Supplied data =
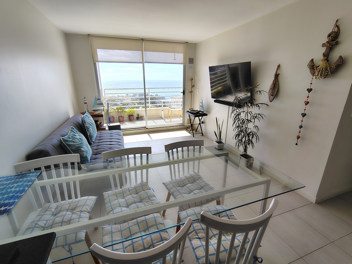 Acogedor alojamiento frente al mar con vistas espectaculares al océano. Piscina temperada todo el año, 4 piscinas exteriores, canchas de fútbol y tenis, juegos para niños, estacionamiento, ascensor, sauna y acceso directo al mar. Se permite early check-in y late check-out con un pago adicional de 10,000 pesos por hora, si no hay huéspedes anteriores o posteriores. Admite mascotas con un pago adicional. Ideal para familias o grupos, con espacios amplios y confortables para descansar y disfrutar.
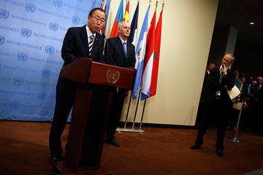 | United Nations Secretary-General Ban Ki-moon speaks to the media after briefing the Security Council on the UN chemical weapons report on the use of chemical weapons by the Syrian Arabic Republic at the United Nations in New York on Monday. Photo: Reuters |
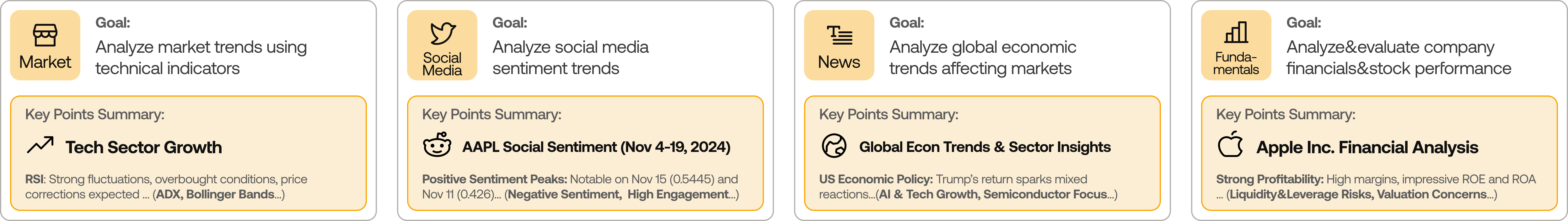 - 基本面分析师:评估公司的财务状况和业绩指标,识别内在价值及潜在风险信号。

The task =
Would you output the listing above verbatim, without its pictures?

Solution for this task =
 Acogedor alojamiento frente al mar con vistas espectaculares al océano. Piscina temperada todo el año, 4 piscinas exteriores, canchas de fútbol y tenis, juegos para niños, estacionamiento, ascensor, sauna y acceso directo al mar. Se permite early check-in y late check-out con un pago adicional de 10,000 pesos por hora, si no hay huéspedes anteriores o posteriores. Admite mascotas con un pago adicional. Ideal para familias o grupos, con espacios amplios y confortables para descansar y disfrutar.
 | United Nations Secretary-General Ban Ki-moon speaks to the media after briefing the Security Council on the UN chemical weapons report on the use of chemical weapons by the Syrian Arabic Republic at the United Nations in New York on Monday. Photo: Reuters |
 - 基本面分析师:评估公司的财务状况和业绩指标,识别内在价值及潜在风险信号。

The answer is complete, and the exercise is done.